EXTRACTED ENTRIES:
┄┄┄┄┄┄┄┄┄┄┄┄┄┄┄┄┄┄┄┄

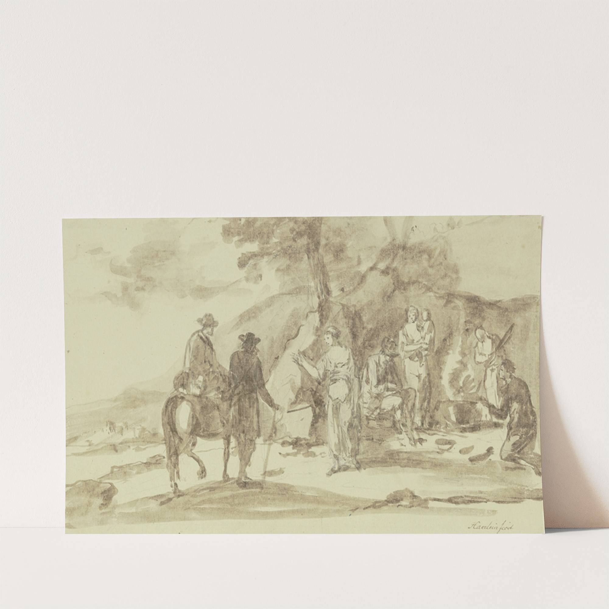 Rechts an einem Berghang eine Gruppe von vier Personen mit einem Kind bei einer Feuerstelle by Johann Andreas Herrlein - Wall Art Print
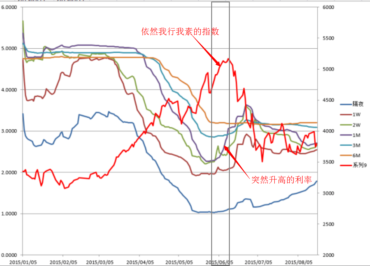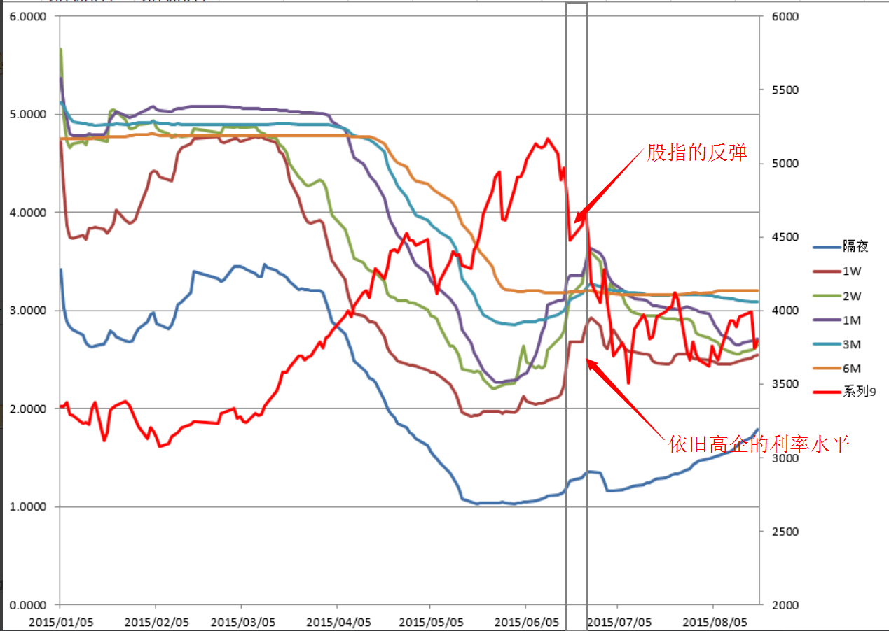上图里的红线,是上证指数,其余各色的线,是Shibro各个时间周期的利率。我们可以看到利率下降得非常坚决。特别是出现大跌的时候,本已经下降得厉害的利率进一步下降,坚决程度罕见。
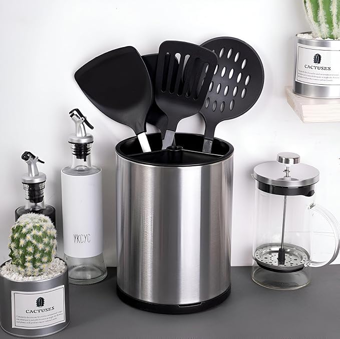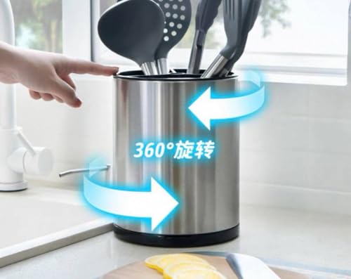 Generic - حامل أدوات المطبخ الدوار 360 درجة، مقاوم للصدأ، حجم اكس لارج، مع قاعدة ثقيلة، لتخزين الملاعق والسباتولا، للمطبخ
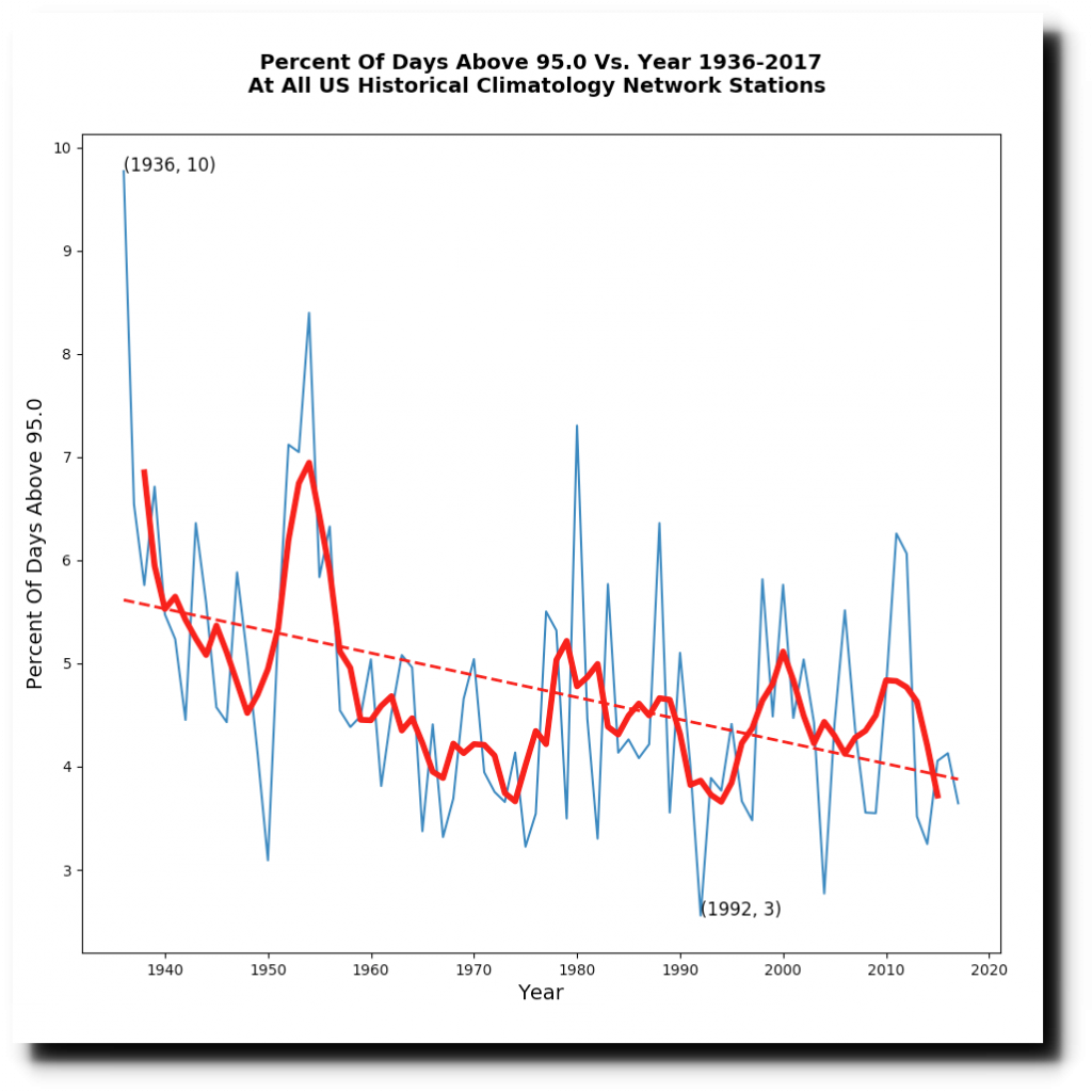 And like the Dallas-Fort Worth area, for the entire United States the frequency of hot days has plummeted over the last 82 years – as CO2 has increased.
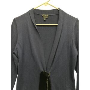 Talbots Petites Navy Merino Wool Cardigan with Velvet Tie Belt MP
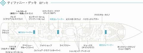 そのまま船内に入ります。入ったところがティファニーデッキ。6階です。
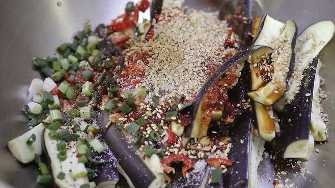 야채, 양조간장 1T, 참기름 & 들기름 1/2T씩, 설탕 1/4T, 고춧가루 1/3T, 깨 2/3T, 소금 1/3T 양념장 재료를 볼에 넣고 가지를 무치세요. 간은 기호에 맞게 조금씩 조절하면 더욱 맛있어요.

┄┄┄┄┄┄┄┄┄┄┄┄┄┄┄┄┄┄┄┄

TASK GOAL: Everything from the line containing "And like the" through the last line of the records above is to be reproduced exactly, except the pictures.

EXERCISE OUTPUT:
 And like the Dallas-Fort Worth area, for the entire United States the frequency of hot days has plummeted over the last 82 years – as CO2 has increased.
 Talbots Petites Navy Merino Wool Cardigan with Velvet Tie Belt MP
 そのまま船内に入ります。入ったところがティファニーデッキ。6階です。
 야채, 양조간장 1T, 참기름 & 들기름 1/2T씩, 설탕 1/4T, 고춧가루 1/3T, 깨 2/3T, 소금 1/3T 양념장 재료를 볼에 넣고 가지를 무치세요. 간은 기호에 맞게 조금씩 조절하면 더욱 맛있어요.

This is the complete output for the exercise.